Arthur Hübner (17 September 1885, Neudamm - 9 March 1937, Berlin) was a German philologist. He specialized in research of German literature from the Middle Ages (folk songs and folk tales, study of dialects, etc.).

From 1904 to 1909, he studied classical and German philology at the Universities of Graz and Berlin, where he was influenced by the work of Germanist Gustav Roethe. In 1918 he became an associate professor in Berlin, later relocating to Münster as a full professor of medieval Germanic studies (1924). In 1927 he succeeded Roethe as professor at the University of Berlin.

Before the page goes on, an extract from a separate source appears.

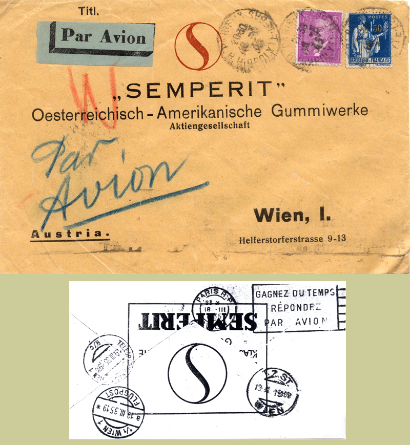 18 Mar 1935: Paris to Vienna. Usual arrival FLUGPOST with crayon W for pneumatic transmission to T.A.WIEN 1 and T.Z.St. for inner-city delivery.

In 1932 he became a member of the Prussian Academy of Sciences. In 1932–1937, along with Edward Schröder, he was editor of the "Zeitschrift für deutsches Altertum und deutsche Literatur".

== Selected works ==
- Daniel, eine Deutschordensdichtung. 1910 – Daniel; German religious poetry.
- Die poetische bearbeitung des Buches Daniel, 1911 – Poetic editing of the book of Daniel
- Die Mundart der Heimat, 1925 – The dialect of the Heimat.
- Die deutschen Geisslerlieder; Studien zum geistlichen Volksliede des Mittelalters, 1931 – The German Geisslerlieder; Studies of sacred folk songs of the Middle Ages.
- Herman Wirth und die Ura-Linda-chronik, 1934 – Herman Wirth and the Ura-Linda Chronicle.
- Frühe deutsche Lyrik, 1935 (with Hans Arens) – Early German poetry.
- Kleine Schriften zur deutschen Philologie, 1940 – Smaller writings of German philology.